Die Beibehaltung einer Note trotz Rücknahme eines Korrekturmangels ist als solches nicht zu beanstanden. Sollen Prüfungsleistungen eines Kandidaten einer erneuten Bewertung unterzogen werden, sind die Gründe eines rechtskräftigen prüfungsrechtlichen Bescheidungsurteils dafür maßgeblich, in welchem Umfang die Prüfungsbehörde eine Neubewertung zu veranlassen hat und welche Rechtsauffassung dabei zugrunde zu legen ist. Im vorliegenden Fall hat das KG ausdrücklich festgestellt, dass die Kritik der Prüfer nur hinsichtlich einzelner Aufgaben und auch nur teilweise - in wenigen Punkten - unberechtigt war.

Zwar bezieht sich der streitgegenständliche Neubescheidungsantrag - im Gegensatz zum ersten Klageverfahren - (nur) auf die behauptete Fehlerhaftigkeit der erneuten Begutachtung der Klausur. Diese (weitere) Neubescheidung hatte jedoch die Rechtsauffassung in dem Urteil aus Juni 2020 zu beachten. An diese rechtliche Bewertung war das KG in dem zweiten Klageverfahren gebunden.

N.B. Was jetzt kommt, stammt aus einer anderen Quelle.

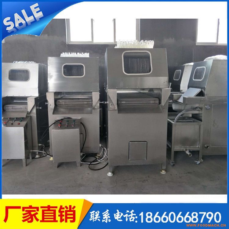 將鹽水注入肉中充分腌漬,注入配制的水溶液的肉塊能使肉質(zhì)嫩化,松軟,鹽水注射機提高了肉制品的品位和出品率?筛鶕(jù)不同工藝要求,調(diào)整步進速度,步進距離,壓肉板間隙及注射壓力,將腌漬液均勻連續(xù)地注入肉中,達到*理想的注射效果。本機采用不銹鋼材料設(shè)計合理,結(jié)構(gòu)嚴謹,操作方便,清洗方便,清潔衛(wèi)生,具有自動保護裝置,當注射針碰到硬物時注射針隨之抬起,不受損壞功能:將鹽水注入肉中充分腌漬,注入配制的水溶液的肉塊能使肉質(zhì)嫩化,松軟,提高了肉制品的品位和出品率。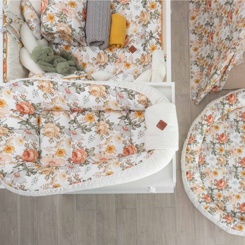 Το ρετρό floral σχέδιο με βελούδινη πλευρά συνδυάζει άνεση και κομψότητα στο παιδικό δωμάτιο.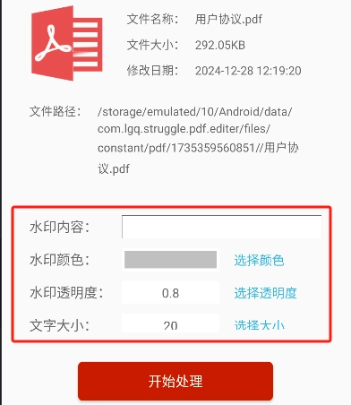 您可以先对水印的内容、颜色、透明度等参数进行设置,完成后点击“开始处理”按钮即可。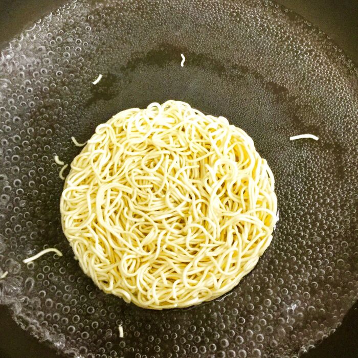 記載されている水(500ccですが、400-500cc程度)を沸かして、麺を茹でます。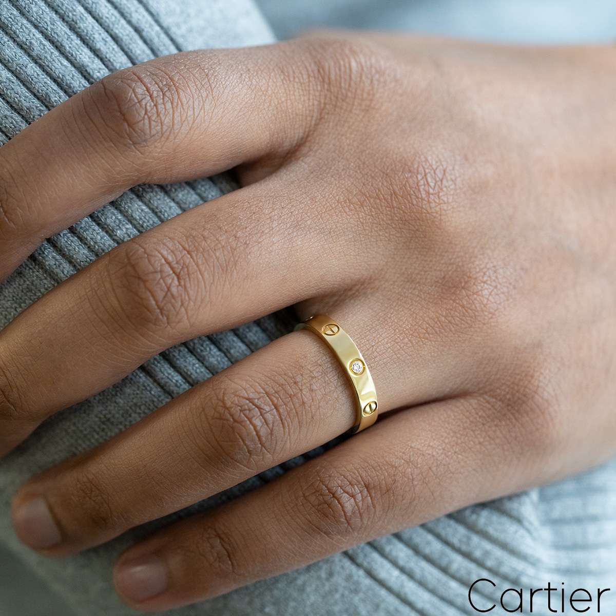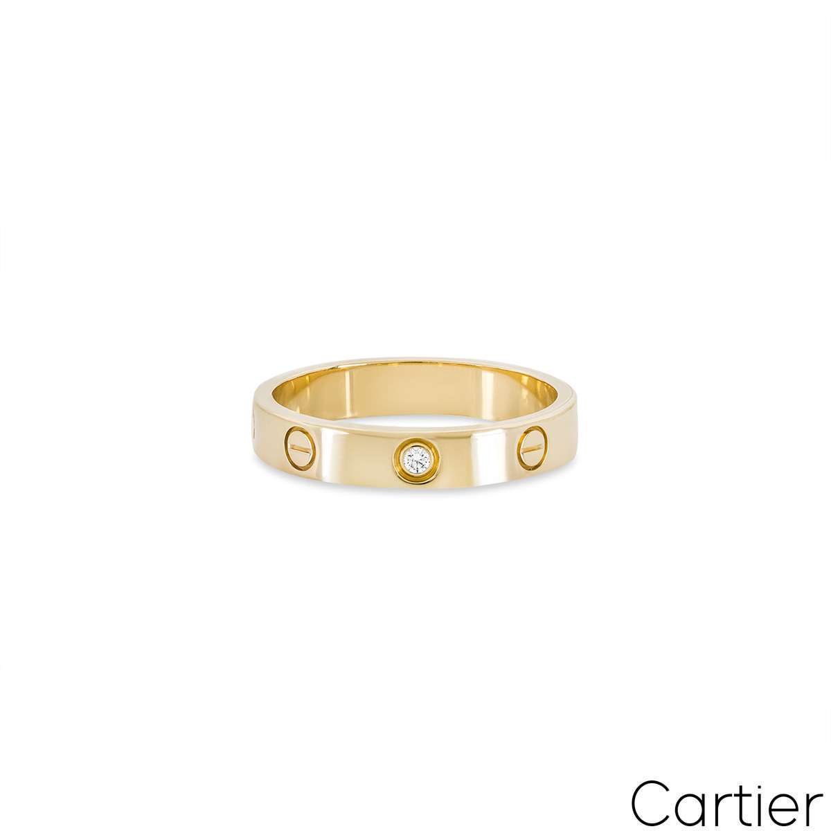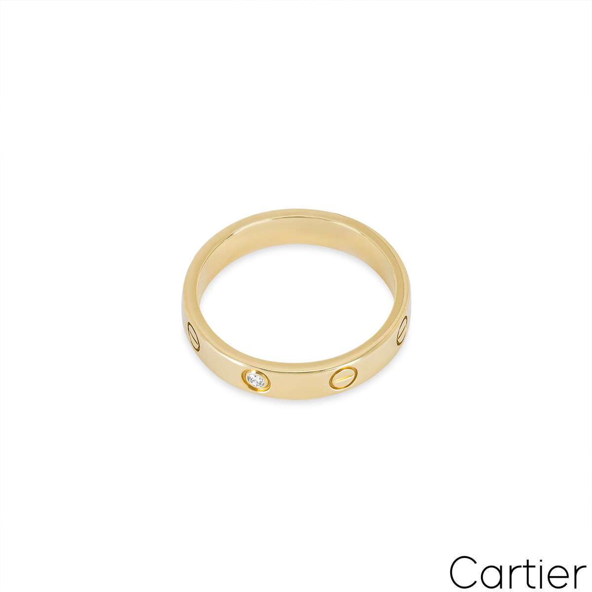 A Cartier diamond wedding band in yellow gold from the Love collection. Compromising of the iconic Cartier screw motif and a single round brilliant cut diamond, totalling 0.02ct. Measuring 4mm in width, the ring is a size 58 and has a gross weight of 4.84 grams.

Die Beibehaltung einer Note trotz Rücknahme eines Korrekturmangels ist als solches nicht zu beanstanden. Es ist Prüfern grundsätzlich nicht verwehrt, nach Auseinandersetzung mit den Einwendungen eines Prüflings gegen die Bewertung seiner Prüfungsleistung unter Vermeidung früherer Begründungs-mängel anzugeben, dass und aus welchen Gründen sie ihre bei der ersten Bewertung einer Arbeit vergebene Note auch bei selbstkritischer Würdigung nach wie vor für zutreffend halten. Diese Maßgaben wurden in dem angefochtenen Urteil beachtet. Es ist nichts dafür ersichtlich, dass die Prüfer die Beanstandung einzelner Kritikpunkte bei den Aufgaben zum Anlass genommen haben, ihre prüfungsspezifischen Bewertungskriterien und somit ihr Bewertungssystem insgesamt zu ändern.